Complete Step-by-Step solution:
Let us suppose the integral ${\text{I}} = \int {{{\left( {\tan x - \cot x} \right)}^2}dx} $
Using the formula ${\left( {a - b} \right)^2} = {a^2} + {b^2} - 2ab$, the above integral becomes
$ \Rightarrow {\text{I}} = \int {\left[ {{{\left( {\tan x} \right)}^2} + {{\left( {\cot x} \right)}^2} - 2\left( {\tan x} \right)\left( {\cot x} \right)} \right]dx} $
Using the definition of cotangent trigonometric function i.e., $\cot x = \dfrac{1}{{\tan x}}$, we get
$
   \Rightarrow {\text{I}} = \int {\left[ {{{\left( {\tan x} \right)}^2} + {{\left( {\cot x} \right)}^2} - 2\left( {\tan x} \right)\left( {\dfrac{1}{{\tan x}}} \right)} \right]dx} \\
   \Rightarrow {\text{I}} = \int {\left[ {{{\left( {\tan x} \right)}^2} + {{\left( {\cot x} \right)}^2} - 2} \right]dx} {\text{ }} \to {\text{(1)}} \\
 $
As we know that ${\left( {\sec x} \right)^2} = 1 + {\left( {\tan x} \right)^2}$
$ \Rightarrow {\left( {\tan x} \right)^2} = {\left( {\sec x} \right)^2} - 1{\text{ }} \to {\text{(2)}}$
Also we know that ${\left( {\cos ecx} \right)^2} = 1 + {\left( {\cot x} \right)^2}$
$ \Rightarrow {\left( {\cot x} \right)^2} = {\left( {{\text{cosec}}x} \right)^2} - 1{\text{ }} \to {\text{(3)}}$
Using equation (2) and equation (3) in equation (1), we get
$
   \Rightarrow {\text{I}} = \int {\left[ {{{\left( {\sec x} \right)}^2} - 1 + {{\left( {{\text{cosec}}x} \right)}^2} - 1 - 2} \right]dx} \\
   \Rightarrow {\text{I}} = \int {\left[ {{{\left( {\sec x} \right)}^2} + {{\left( {{\text{cosec}}x} \right)}^2} - 4} \right]dx} \\
   \Rightarrow {\text{I}} = \int {{{\left( {\sec x} \right)}^2}dx} + \int {{{\left( {{\text{cosec}}x} \right)}^2}dx} - 4\int {dx} \\
   \Rightarrow {\text{I}} = \tan x - \cot x - 4x + c \\
 $
where c is the constant of integration.
Therefore, the value of the integral $\int {{{\left( {\tan x - \cot x} \right)}^2}dx} $ is equal to $\tan x - \cot x - 4x + c$.

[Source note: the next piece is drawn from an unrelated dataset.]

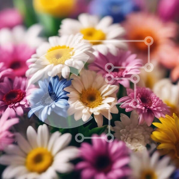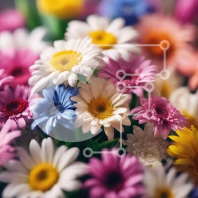 Υπάρχει δυνατότητα προσωποποίησης με δική σας φωτογραφία και προσαρμογής διαστάσεων κατόπιν παραγγελίας. Το συγεκεριμενο puzzle παρουσιαζει Η εικόνα παρουσιάζει ένα μπουκέτο από πολύχρωμα λουλούδια σε διάφορες αποχρώσεις του μπλε, ροζ, κίτρινου και λευκού. Υπάρχουν αρκετοί διαφορετικοί τύποι λουλουδιών που υπάρχουν στο μπουκέτο, όπως μαργαρίτες, γαρίφαλα, ηλίανθοι, κατιφέδες (γνωστοί και ως snapdragons) και νάρκισ
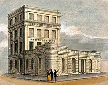 The Surrey Dispensary, in Southwark (now an area of central London). Coloured lithograph by R. Alford, c.1840.[1]

Hence, option D is correct.

Note: In this particular problem, ${\text{I}} = \int {\left[ {{{\left( {\tan x} \right)}^2} + {{\left( {\cot x} \right)}^2} - 2} \right]dx} $ can only be solved by converting the tangent and cotangent trigonometric terms into secant and cosecant trigonometric terms. Since, the given integral is an indefinite integral (i.e., limits of integration are not there) that’s why we have used the constant of integration.